Give a verbatim copy of the data, leaving the pictures out.

Information shown.
== Segment start ==

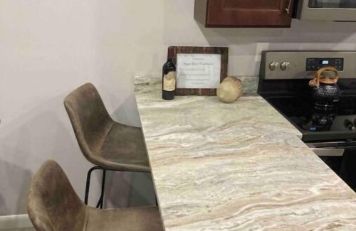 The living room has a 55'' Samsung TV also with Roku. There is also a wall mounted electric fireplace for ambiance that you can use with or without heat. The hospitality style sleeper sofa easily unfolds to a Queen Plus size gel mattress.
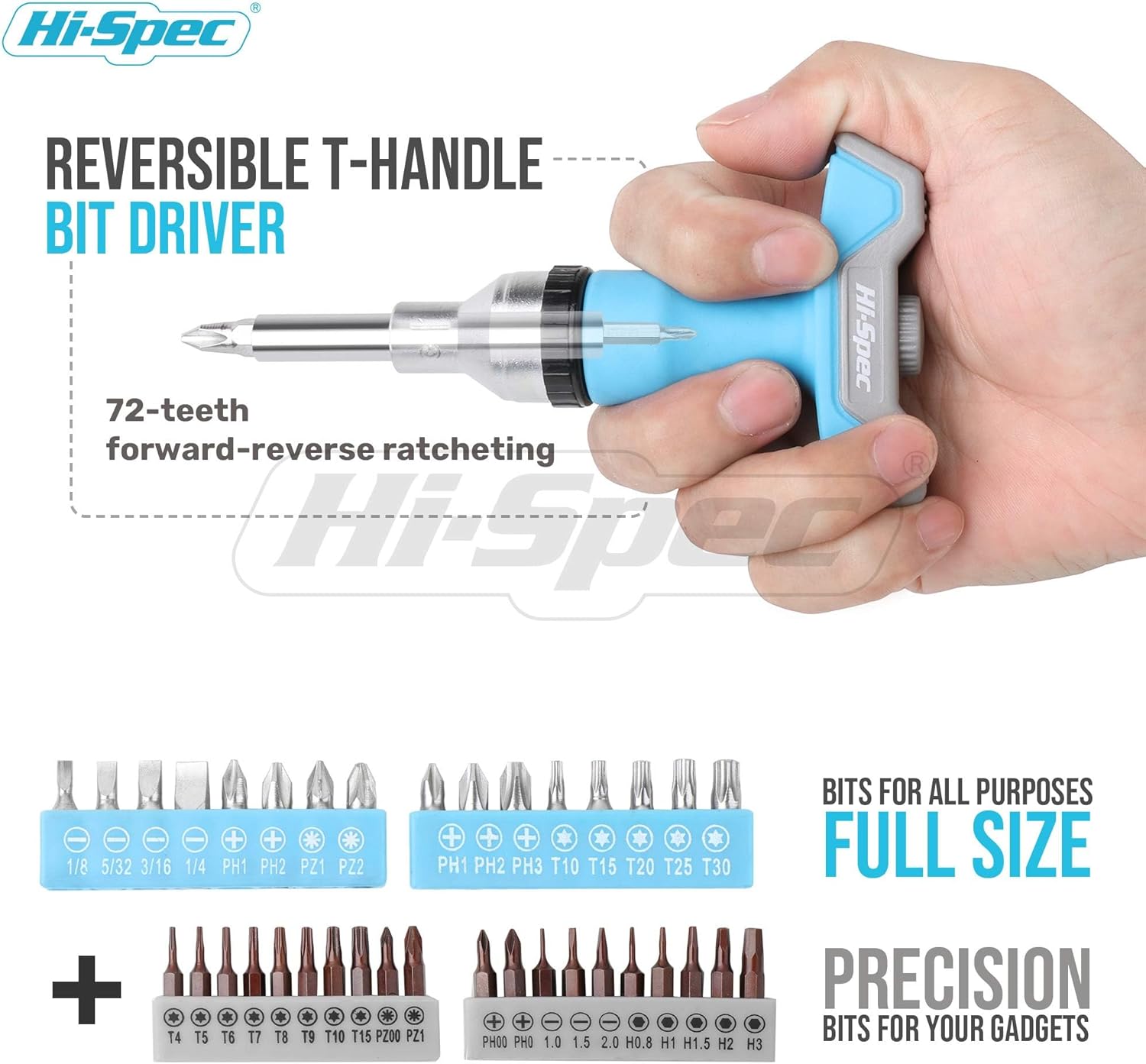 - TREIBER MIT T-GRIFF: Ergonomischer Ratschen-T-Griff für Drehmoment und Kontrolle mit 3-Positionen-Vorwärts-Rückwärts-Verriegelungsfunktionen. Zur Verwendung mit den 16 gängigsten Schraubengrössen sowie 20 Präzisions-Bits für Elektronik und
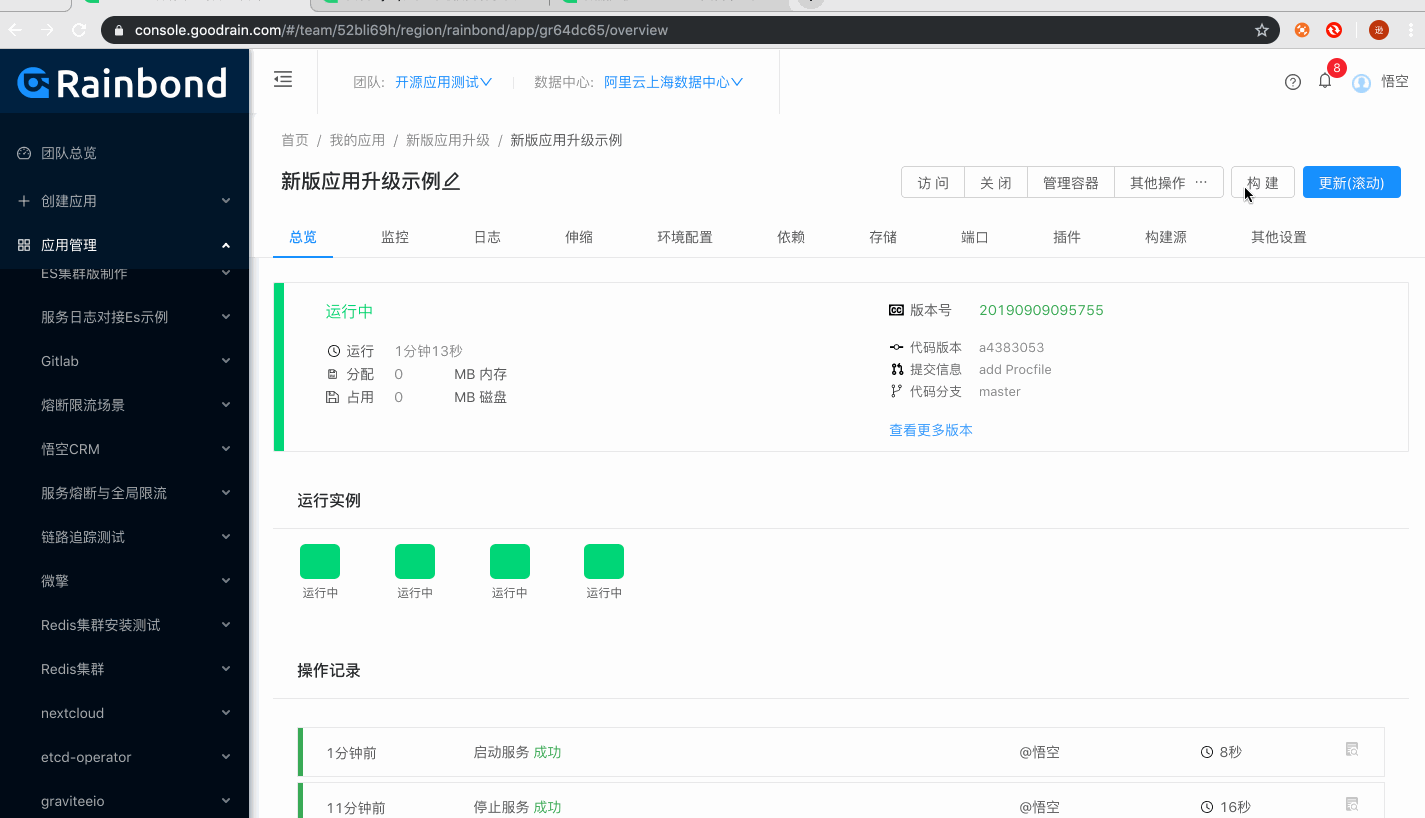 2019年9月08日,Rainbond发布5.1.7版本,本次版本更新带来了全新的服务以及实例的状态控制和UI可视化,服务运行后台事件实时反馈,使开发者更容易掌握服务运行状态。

== Segment end ==

Task solution.
 The living room has a 55'' Samsung TV also with Roku. There is also a wall mounted electric fireplace for ambiance that you can use with or without heat. The hospitality style sleeper sofa easily unfolds to a Queen Plus size gel mattress.
 - TREIBER MIT T-GRIFF: Ergonomischer Ratschen-T-Griff für Drehmoment und Kontrolle mit 3-Positionen-Vorwärts-Rückwärts-Verriegelungsfunktionen. Zur Verwendung mit den 16 gängigsten Schraubengrössen sowie 20 Präzisions-Bits für Elektronik und
 2019年9月08日,Rainbond发布5.1.7版本,本次版本更新带来了全新的服务以及实例的状态控制和UI可视化,服务运行后台事件实时反馈,使开发者更容易掌握服务运行状态。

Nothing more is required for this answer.